Discussing the article: "Feature selection and dimensionality reduction using principal components"

 

Check out the new article: Feature selection and dimensionality reduction using principal components.

The article delves into the implementation of a modified Forward Selection Component Analysis algorithm, drawing inspiration from the research presented in “Forward Selection Component Analysis: Algorithms and Applications” by Luca Puggini and Sean McLoone.

Financial time series prediction often involves analyzing numerous features, many of which may be highly correlated. Dimensionality reduction techniques like Principal Component Analysis (PCA) can help create a more compact representation of these features. However, PCA has limitations, especially in the presence of highly correlated variables. In such cases, PCA tends to exhibit the grouping effect, wherein a set of highly correlated variables collectively contributes to a given principal component.

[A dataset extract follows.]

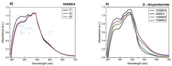 The UV–vis spectra of the samples studied (Figure 10) are typical of carbon nitride and show the characteristic band in the range of 190–450 nm corresponding to aromatic systems. The UV–vis spectra of all samples reveal two inflection points. The first, at about 250 nm, corresponds to the transitions π → π* in aromatic rings, while the second at 380 nm indicates the π* transitions corresponding to the electron transfers from the nonbonding nitrogen orbital to the antibonding aromatic orbitals. The higher absorbance of radiation was observed for the samples obtained from thiourea, which is related their larger SSA and hence greater possibilities of photon harvesting. The UV–vis spectra of the samples obtained from dicyandiamide and melamine, in the conditions 10/600/4 (Figure 10a) are almost identical. Some differences appear to be generated by different conditions of condensation, Figure 10b. For the samples synthesized at the higher temperature and in the longer annealing time, the edge of absorption is shifted towards longer wavelengths, which means that the band gap decreases.

Instead of highlighting any single variable, PCA distributes the influence relatively evenly across all variables in the correlated group.

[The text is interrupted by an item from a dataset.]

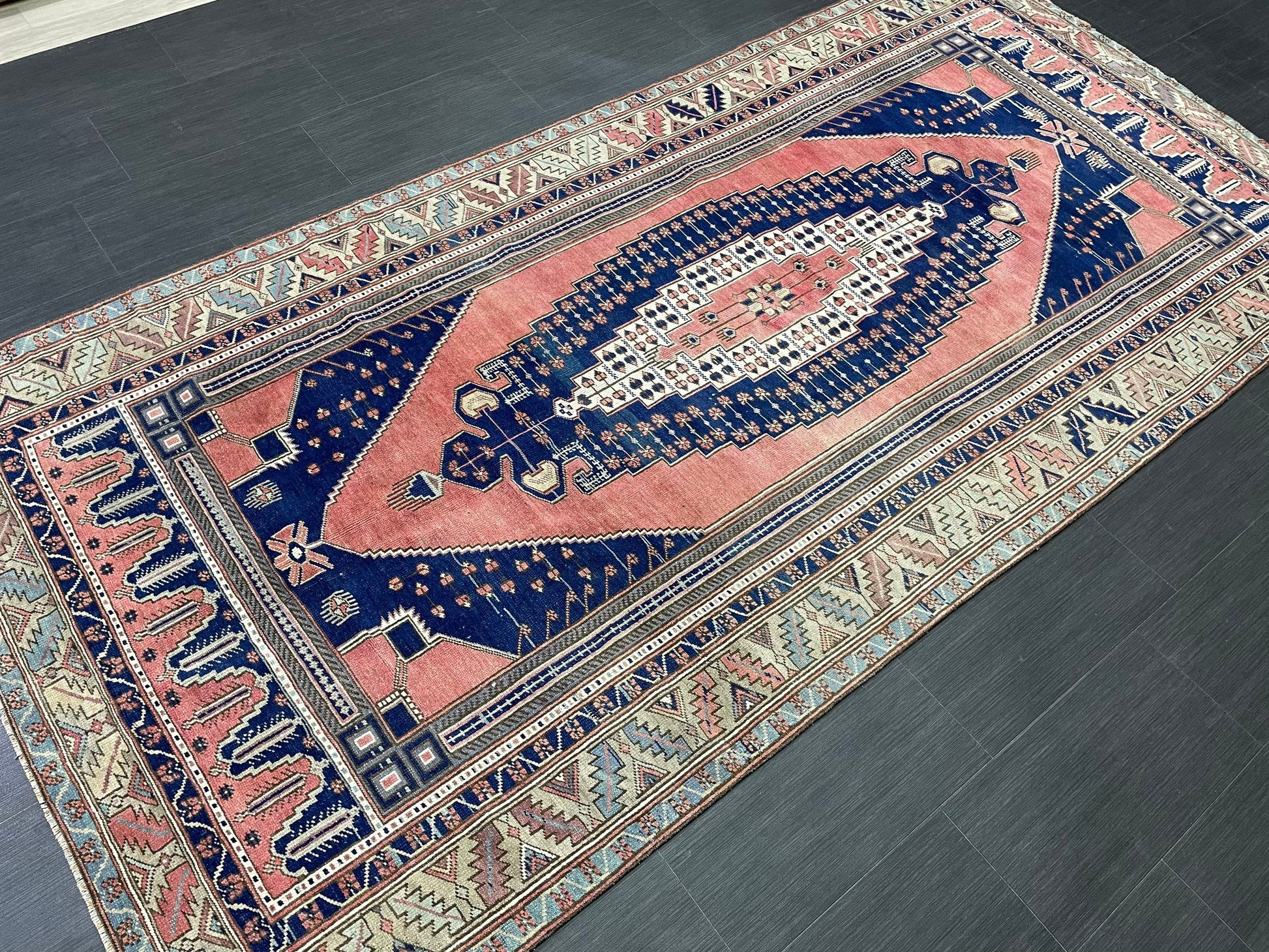 Wool OUSHAK RUG TURKISH 4.7 x 9.6 Rug Muted Pink and Navy Rug Vintage Oriental Rug Vintage Hand Made Rug Wool Vintage Oushak Rug 5x10

This even distribution can be beneficial for noise suppression because the principal components emphasize common patterns rather than the random fluctuations unique to individual variables. However, this noise suppression comes at a cost: it often dilutes the contribution of individual variables to each principal component. Variables that might be significant on their own can appear less important within the transformed space, as their influence is absorbed into the broader structure captured by the group. This can be a significant drawback in tasks like variable selection, where the goal is to identify the most influential features, or in root-cause analysis, where understanding the direct impact of specific variables is crucial.

Author: Francis Dube

 

The topic is, of course, eternal and always relevant.

It would be good to have different methods in the article to compare their effectiveness, not on synthetic data, but on real data.

I tried to increase the number of features to 5000 and rows to 10000 - I waited three days for the result - no result. So I wonder if the quality would suffer significantly if we split the number of features into groups, say 100 examples each, and then bring together the winners from each group for a final selection?